Published December 18, 2023
1 years ago

Eskom, South Africa’s primary electricity supplier, finds itself amidst a burgeoning financial crisis as unpaid municipal debts have ballooned to R70 billion during the first half of the utility's 2024 financial year. The distressing financial situation, detailed in Eskom’s interim results, signals a dire need for intervention as the state-owned utility struggles with liquidity necessary for crucial maintenance and expansion endeavours.


In stark contrast, just five years ago, in 2018, the invoiced municipal debt stood at R13.6 billion, marking an alarming growth rate that has exacerbated Eskom’s financial woes. This steep incline represents not merely a nominal increase, but rather a systemic failure, with a notable 32% surge from the year before, and only a 76% payment rate from the municipalities, which is down by 2% from 2023's performance.


The concerning trend is particularly pronounced among the top 20 defaulting municipalities, which only pay less than half of what they are billed – a troubling 46% payment level that has brought operations to a precarious edge.


Electricity Minister Kgosientsho Ramokgopa has expressed deep concerns regarding the fiscal health of these defaulting municipalities, many of which veer dangerously close to insolvency, unable to raise sufficient revenue to cover their operational costs. The ramifications of such are far-reaching, affecting not only Eskom's capacity to provide a reliable electricity supply but also the national economy.


To alleviate this pressing challenge, Ramokgopa emphasised the urgency for a municipal debt relief programme spearheaded by the National Treasury. It's a programme projected to ameliorate the debt quagmire by enhancing payment levels and enabling the settlement of current accounts owed to Eskom. In a hopeful turn, 52 municipalities, responsible for 86% of the outstanding debt, have received approval for the programme. However, to see any debt written off, they will need to adhere to the stringent conditions set forth for a full year.


The criteria underpinning the debt relief application include maintaining up-to-date payments and the deployment of smart meters – the latter being a strategic move to improve revenue collection by ensuring accurate billing. This approach aims to provide municipalities with a fighting chance to regain control of their finances and, in tandem, allow Eskom to recuperate part of the enormous sums owed.


Despite this, challenges linger as only 11 of the 28 municipalities involved in the relief programme have fully honoured their agreement with the National Treasury as of August, and a further seven have only partially complied.
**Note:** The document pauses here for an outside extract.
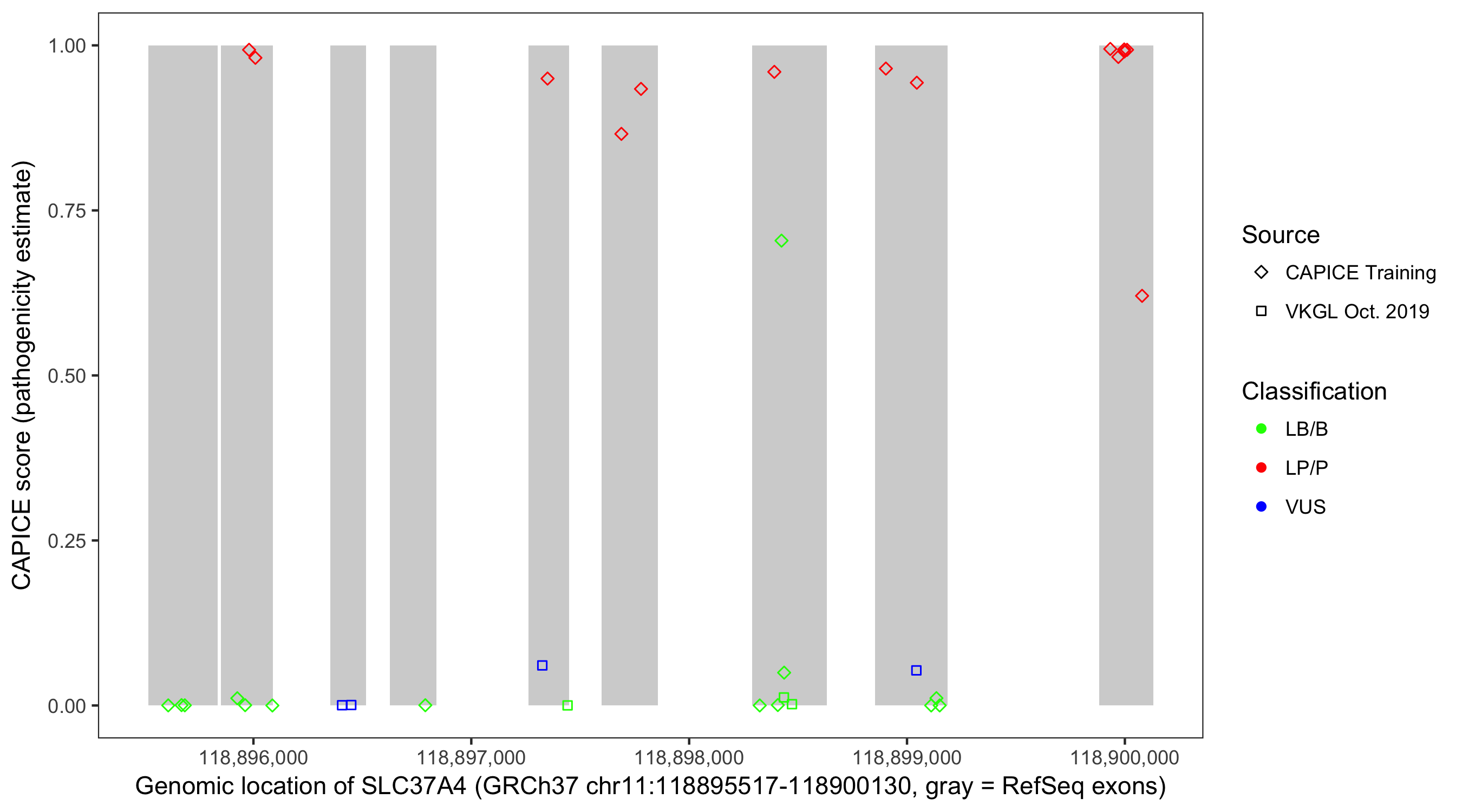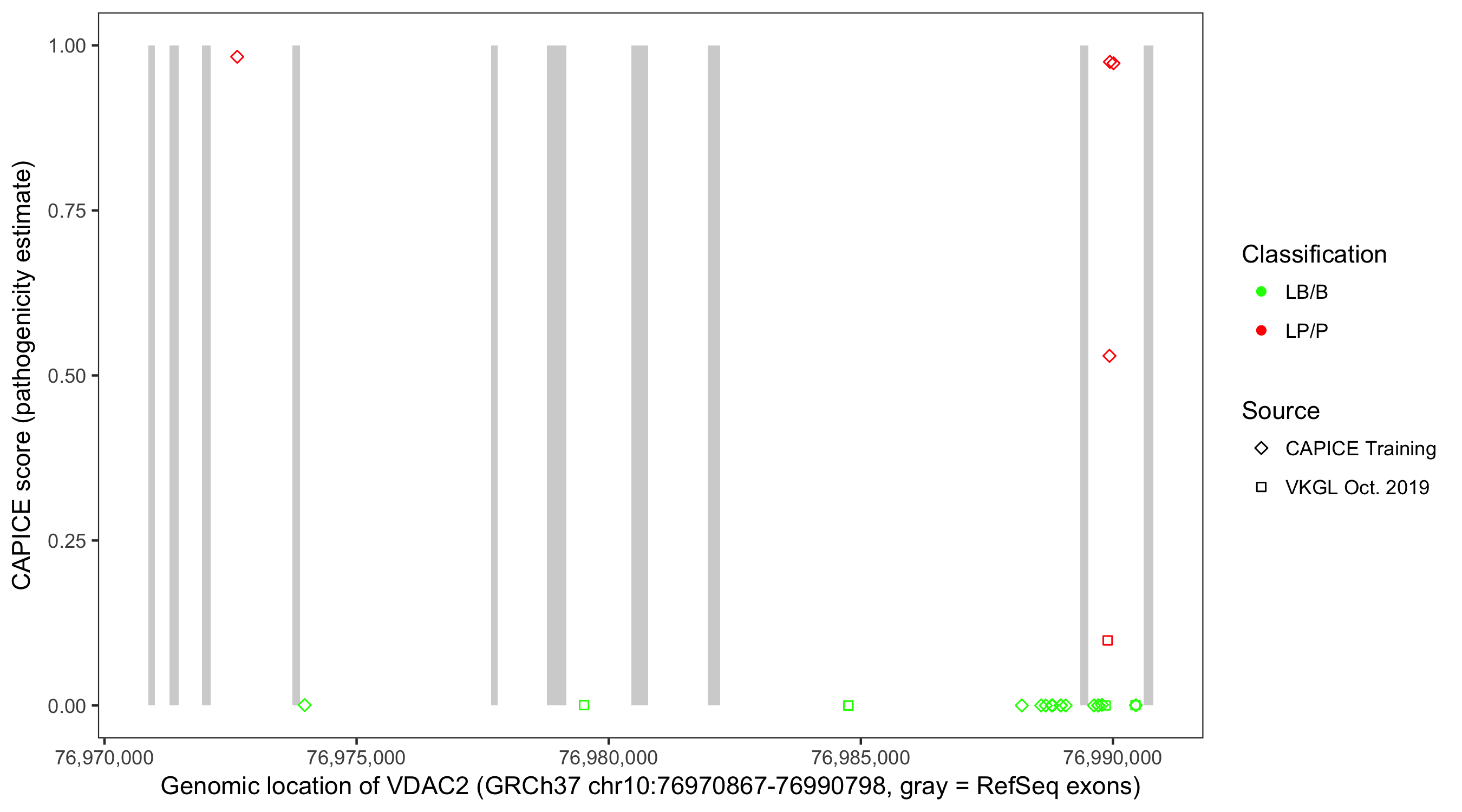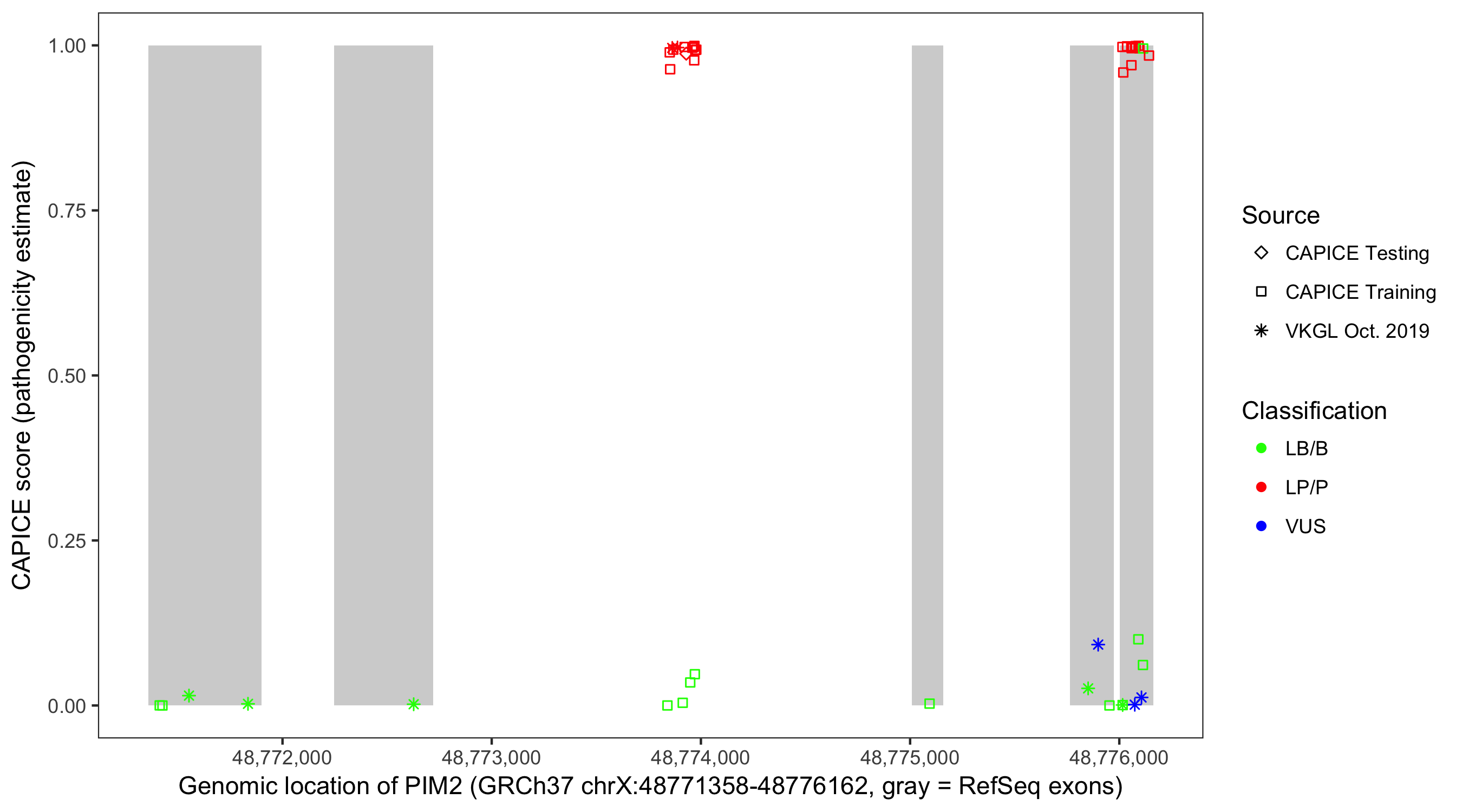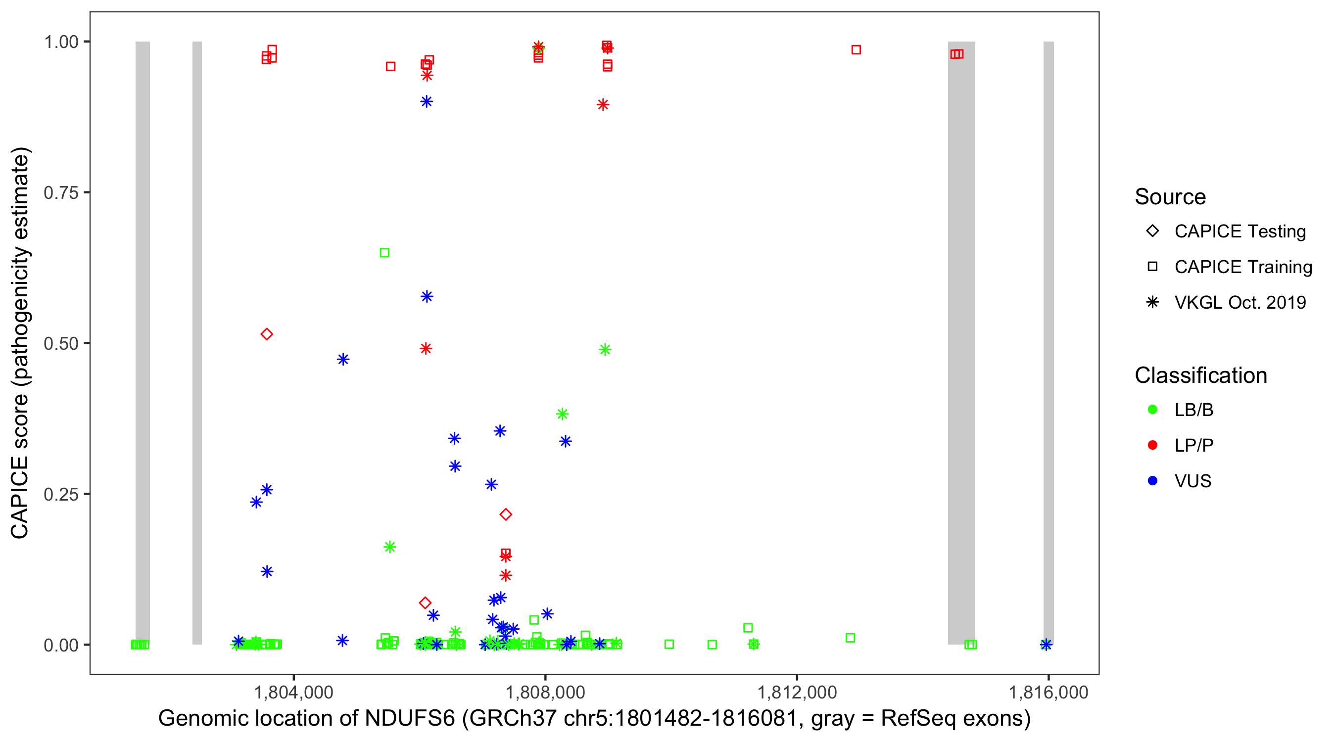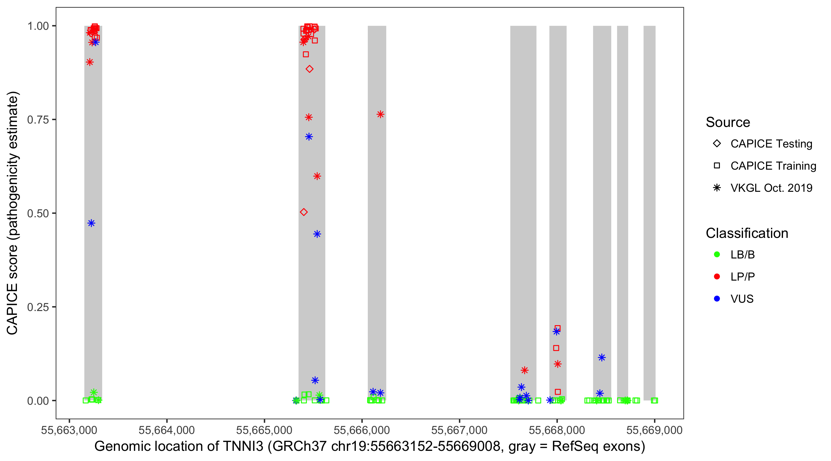 Shown are CAPICE train/test variants plus VKGL Oct 2019.

This tepid response tempers expectations, with the envisaged cash flow benefit likely to fall short of initial estimates.


Given these realities, it is evident that Eskom's financial sustainability is contingent upon systemic reforms, diligent oversight, and the unwavering commitment of indebted municipalities to honour their obligations. The utility's precarious position remains a matter of national concern, with essential services and economic stability inextricably linked to its turnaround.